Assignment -> Transcribe word for word the lines below from the line with "受冷空气和短波槽影响,预计明" through the line with "De woonkamer is", ends included.

Source material ->
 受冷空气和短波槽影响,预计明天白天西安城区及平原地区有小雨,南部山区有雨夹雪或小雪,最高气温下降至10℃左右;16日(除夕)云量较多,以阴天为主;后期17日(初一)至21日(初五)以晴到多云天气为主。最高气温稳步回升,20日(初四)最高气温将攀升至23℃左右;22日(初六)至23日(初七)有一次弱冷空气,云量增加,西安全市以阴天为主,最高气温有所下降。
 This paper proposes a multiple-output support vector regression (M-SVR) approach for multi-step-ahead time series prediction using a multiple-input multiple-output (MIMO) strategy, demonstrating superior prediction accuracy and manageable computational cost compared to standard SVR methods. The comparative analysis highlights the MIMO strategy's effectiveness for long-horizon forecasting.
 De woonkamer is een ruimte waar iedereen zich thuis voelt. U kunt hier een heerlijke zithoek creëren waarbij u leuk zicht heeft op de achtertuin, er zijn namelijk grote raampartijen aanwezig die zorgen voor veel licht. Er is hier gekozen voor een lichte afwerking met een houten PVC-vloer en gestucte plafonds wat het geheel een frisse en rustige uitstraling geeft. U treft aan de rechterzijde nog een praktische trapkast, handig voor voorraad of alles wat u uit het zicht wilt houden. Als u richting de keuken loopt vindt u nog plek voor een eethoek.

* * *

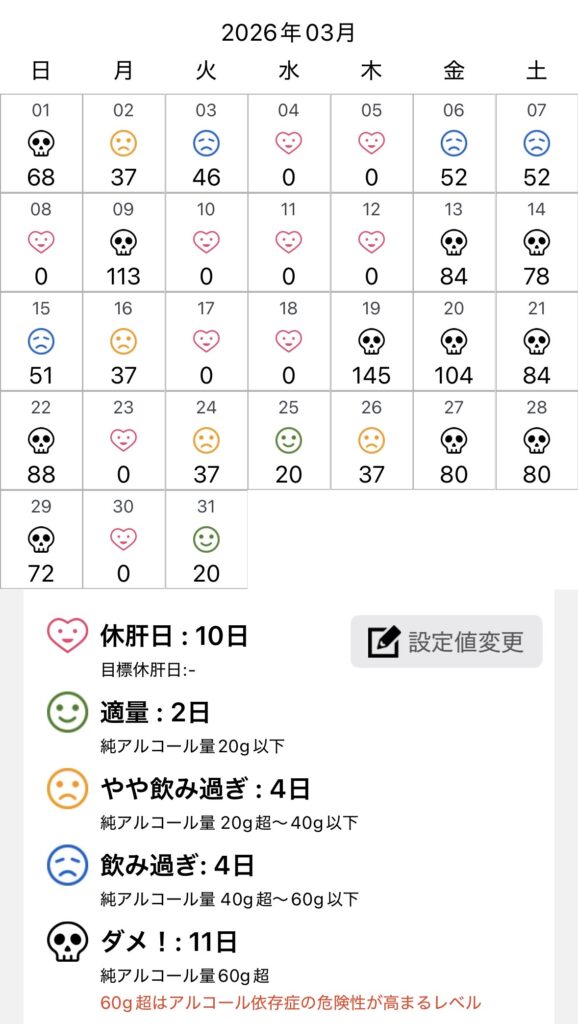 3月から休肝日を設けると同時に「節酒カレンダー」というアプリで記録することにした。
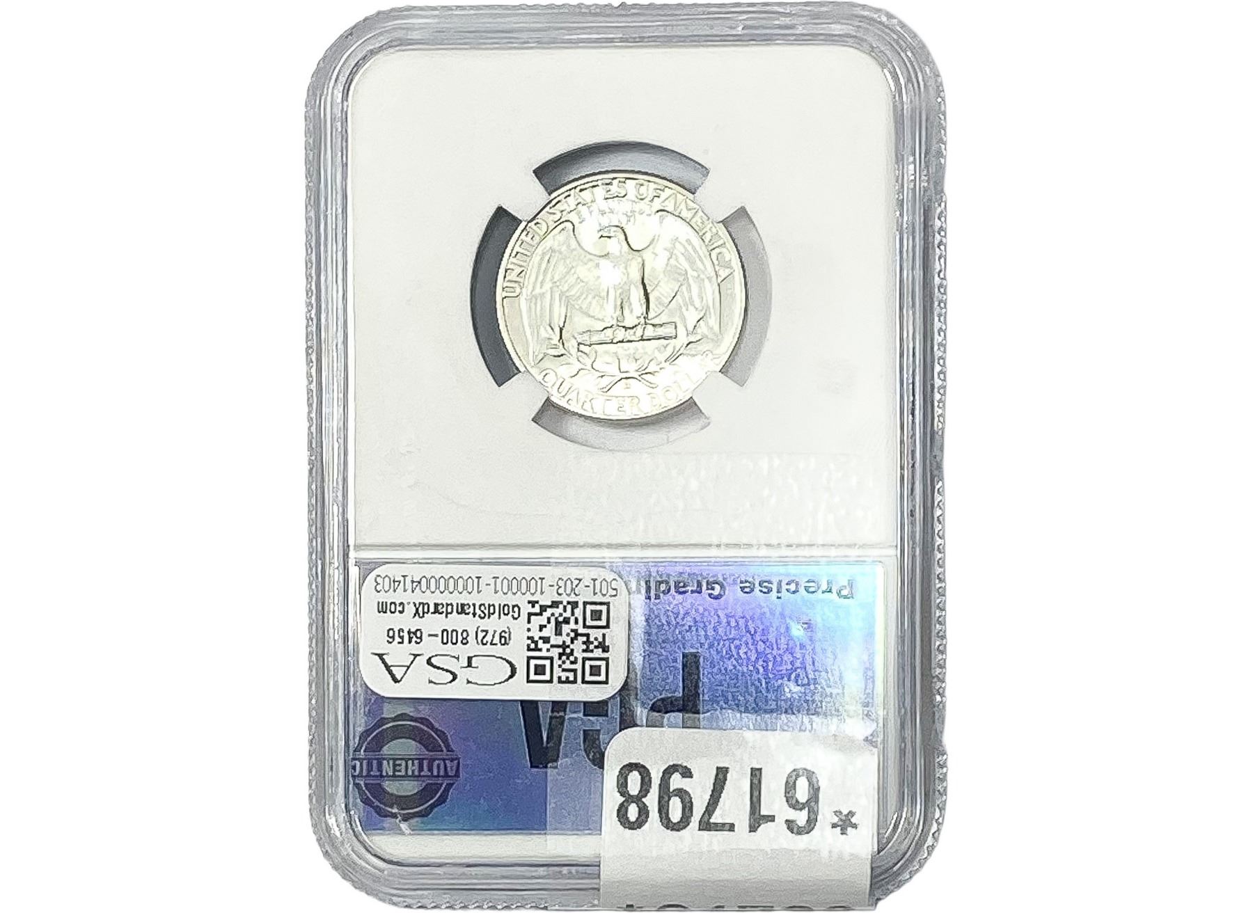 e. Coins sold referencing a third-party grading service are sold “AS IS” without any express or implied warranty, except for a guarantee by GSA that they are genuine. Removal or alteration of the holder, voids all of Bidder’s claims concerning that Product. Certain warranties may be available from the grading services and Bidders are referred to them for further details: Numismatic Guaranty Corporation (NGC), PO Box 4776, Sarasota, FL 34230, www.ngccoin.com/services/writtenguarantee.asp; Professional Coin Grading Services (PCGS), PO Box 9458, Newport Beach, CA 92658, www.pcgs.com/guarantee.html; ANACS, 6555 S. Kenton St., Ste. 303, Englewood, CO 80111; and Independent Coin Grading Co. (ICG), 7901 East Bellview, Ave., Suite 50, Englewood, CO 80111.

Your response ->
 受冷空气和短波槽影响,预计明天白天西安城区及平原地区有小雨,南部山区有雨夹雪或小雪,最高气温下降至10℃左右;16日(除夕)云量较多,以阴天为主;后期17日(初一)至21日(初五)以晴到多云天气为主。最高气温稳步回升,20日(初四)最高气温将攀升至23℃左右;22日(初六)至23日(初七)有一次弱冷空气,云量增加,西安全市以阴天为主,最高气温有所下降。
 This paper proposes a multiple-output support vector regression (M-SVR) approach for multi-step-ahead time series prediction using a multiple-input multiple-output (MIMO) strategy, demonstrating superior prediction accuracy and manageable computational cost compared to standard SVR methods. The comparative analysis highlights the MIMO strategy's effectiveness for long-horizon forecasting.
 De woonkamer is een ruimte waar iedereen zich thuis voelt. U kunt hier een heerlijke zithoek creëren waarbij u leuk zicht heeft op de achtertuin, er zijn namelijk grote raampartijen aanwezig die zorgen voor veel licht. Er is hier gekozen voor een lichte afwerking met een houten PVC-vloer en gestucte plafonds wat het geheel een frisse en rustige uitstraling geeft. U treft aan de rechterzijde nog een praktische trapkast, handig voor voorraad of alles wat u uit het zicht wilt houden. Als u richting de keuken loopt vindt u nog plek voor een eethoek.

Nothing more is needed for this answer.